The Conference Board announced Nov. 1 its Consumer Confidence Index increased again in October to a nearly five-year high of 72.2. Leaping from its last increase in September, when it hit 68.4, the index is at its highest point since February 2008, two months into the Great Recession.
“The Consumer Confidence Index increased again in October and is now at its highest level this year,” said Conference Board Director of Economic Indicators Lynn Franco. “Consumers were considerably more positive in their assessment of current conditions, with improvements in the job market as the major driver. Consumers were modestly more upbeat about their financial situation and the short-term economic outlook, and appear to be in better spirits approaching the holiday season.”
The monthly survey is carefully watched because it generally mirrors changes in consumer spending, which accounts for about 70 percent of total economic activity. Although still below a 90, which experts agree indicates a healthy economy, the index now far exceeds its low of 25.3 in February 2009.

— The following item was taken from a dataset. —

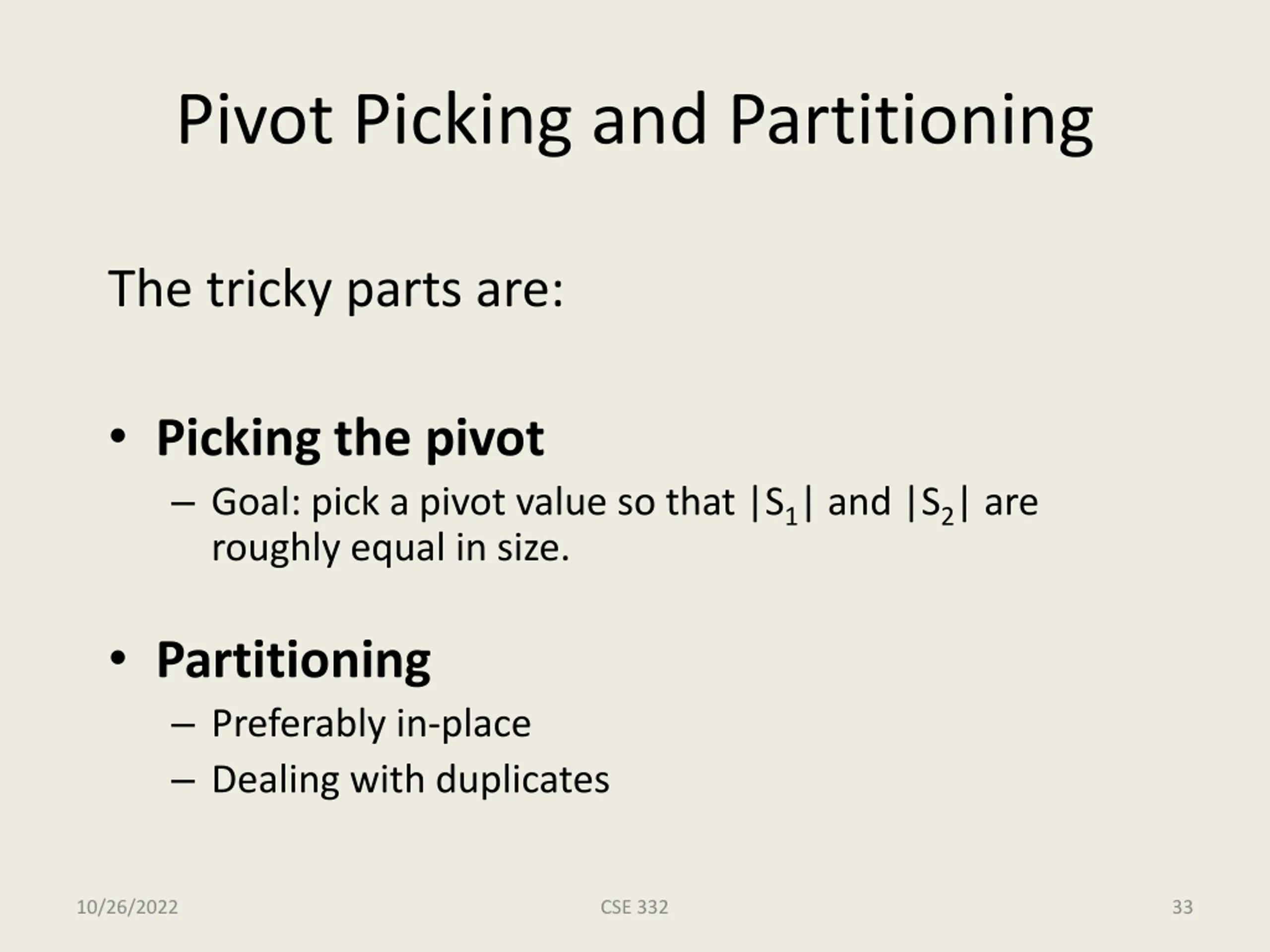 Pivot Picking and Partitioning The tricky parts are: Picking the pivot Goal: pick a pivot value so that |S1| and |S2| are roughly equal in size. Partitioning Preferably in-place Dealing with duplicates 10/26/2022 CSE 332 33

“The lower unemployment rate and firming of housing prices has made consumers feel a little bit more confident,” Richard Moody, chief economist at Regions Financial Corp. in Birmingham, Ala., told Bloomberg. “Household net worth is slowly but surely rebounding, particularly with house prices starting to go up. So that may be making consumers feel a little bit more confident about taking on bigger ticket expenditures.”
Consumers’ increased confidence was likely affected by their improved assessment of a variety of factors in October. For example, consumers claiming business conditions are “good” increased from 15.3 to 16.5 percent, while those responding business conditions are “bad” decreased from 33.8 to 33.1 percent. Consumers’ view of the job market also improved. In September 8.1 percent of consumers surveyed said they felt jobs were “plentiful,” but in October 10.3 percent of consumers gave the same response. Likewise, while 40.7 percent of those surveyed claimed jobs were “hard to get” in September, 39.4 responded as such in October.
Consumers were fairly more optimistic on future prospects in October. The percentage of respondents expecting business conditions to improve in the next six months increased from 17.9 percent in September to 21.4 percent in October. However, the number expecting business conditions to worsen also increased, from 14.5 percent to 15.1 percent.
More consumers surveyed in October expected their income to rise: 15.9 percent surveyed in September said they expected an increase income, while 16.7 percent gave the same response in October. Fewer customers expected the labor market to improve, however. In September, 18.1 percent of respondents said they expected more jobs in the months ahead, while 19.2 percent gave the same response in October.
Some economists say the improved customer confidence will only be temporary, however.
“We expect this improvement in confidence to fade, as Sandy, the looming fiscal cliff and lower equity prices all take a toll,” Capital Economics economist Amna Asaf told Market Watch.